• **What you are asked to do**
Each line below needs to be duplicated without alteration.

[Stored dataset items]
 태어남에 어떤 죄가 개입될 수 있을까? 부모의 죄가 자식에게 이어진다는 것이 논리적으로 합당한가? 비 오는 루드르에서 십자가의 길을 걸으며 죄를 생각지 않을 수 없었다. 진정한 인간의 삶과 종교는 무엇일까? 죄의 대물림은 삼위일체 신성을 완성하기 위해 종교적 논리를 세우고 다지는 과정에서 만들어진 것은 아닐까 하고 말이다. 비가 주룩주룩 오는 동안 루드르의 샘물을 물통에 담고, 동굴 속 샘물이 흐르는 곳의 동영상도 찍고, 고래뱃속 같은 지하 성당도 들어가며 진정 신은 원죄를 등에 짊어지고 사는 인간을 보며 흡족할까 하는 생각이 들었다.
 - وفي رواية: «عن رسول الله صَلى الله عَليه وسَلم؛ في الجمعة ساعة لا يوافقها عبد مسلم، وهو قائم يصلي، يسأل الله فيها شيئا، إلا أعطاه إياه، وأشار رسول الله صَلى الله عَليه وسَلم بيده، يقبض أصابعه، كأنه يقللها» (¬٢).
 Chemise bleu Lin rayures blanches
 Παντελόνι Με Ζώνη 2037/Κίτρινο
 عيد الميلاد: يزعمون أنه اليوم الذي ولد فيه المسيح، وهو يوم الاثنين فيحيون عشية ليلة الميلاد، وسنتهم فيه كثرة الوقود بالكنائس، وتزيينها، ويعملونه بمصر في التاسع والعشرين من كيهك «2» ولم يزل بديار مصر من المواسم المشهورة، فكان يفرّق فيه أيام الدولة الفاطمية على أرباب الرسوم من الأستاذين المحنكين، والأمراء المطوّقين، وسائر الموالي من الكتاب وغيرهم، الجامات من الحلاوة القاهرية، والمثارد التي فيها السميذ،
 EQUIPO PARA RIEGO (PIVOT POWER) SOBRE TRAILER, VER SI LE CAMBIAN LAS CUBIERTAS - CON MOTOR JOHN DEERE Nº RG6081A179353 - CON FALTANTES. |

• **The completed task**
 태어남에 어떤 죄가 개입될 수 있을까? 부모의 죄가 자식에게 이어진다는 것이 논리적으로 합당한가? 비 오는 루드르에서 십자가의 길을 걸으며 죄를 생각지 않을 수 없었다. 진정한 인간의 삶과 종교는 무엇일까? 죄의 대물림은 삼위일체 신성을 완성하기 위해 종교적 논리를 세우고 다지는 과정에서 만들어진 것은 아닐까 하고 말이다. 비가 주룩주룩 오는 동안 루드르의 샘물을 물통에 담고, 동굴 속 샘물이 흐르는 곳의 동영상도 찍고, 고래뱃속 같은 지하 성당도 들어가며 진정 신은 원죄를 등에 짊어지고 사는 인간을 보며 흡족할까 하는 생각이 들었다.
 - وفي رواية: «عن رسول الله صَلى الله عَليه وسَلم؛ في الجمعة ساعة لا يوافقها عبد مسلم، وهو قائم يصلي، يسأل الله فيها شيئا، إلا أعطاه إياه، وأشار رسول الله صَلى الله عَليه وسَلم بيده، يقبض أصابعه، كأنه يقللها» (¬٢).
 Chemise bleu Lin rayures blanches
 Παντελόνι Με Ζώνη 2037/Κίτρινο
 عيد الميلاد: يزعمون أنه اليوم الذي ولد فيه المسيح، وهو يوم الاثنين فيحيون عشية ليلة الميلاد، وسنتهم فيه كثرة الوقود بالكنائس، وتزيينها، ويعملونه بمصر في التاسع والعشرين من كيهك «2» ولم يزل بديار مصر من المواسم المشهورة، فكان يفرّق فيه أيام الدولة الفاطمية على أرباب الرسوم من الأستاذين المحنكين، والأمراء المطوّقين، وسائر الموالي من الكتاب وغيرهم، الجامات من الحلاوة القاهرية، والمثارد التي فيها السميذ،
 EQUIPO PARA RIEGO (PIVOT POWER) SOBRE TRAILER, VER SI LE CAMBIAN LAS CUBIERTAS - CON MOTOR JOHN DEERE Nº RG6081A179353 - CON FALTANTES. |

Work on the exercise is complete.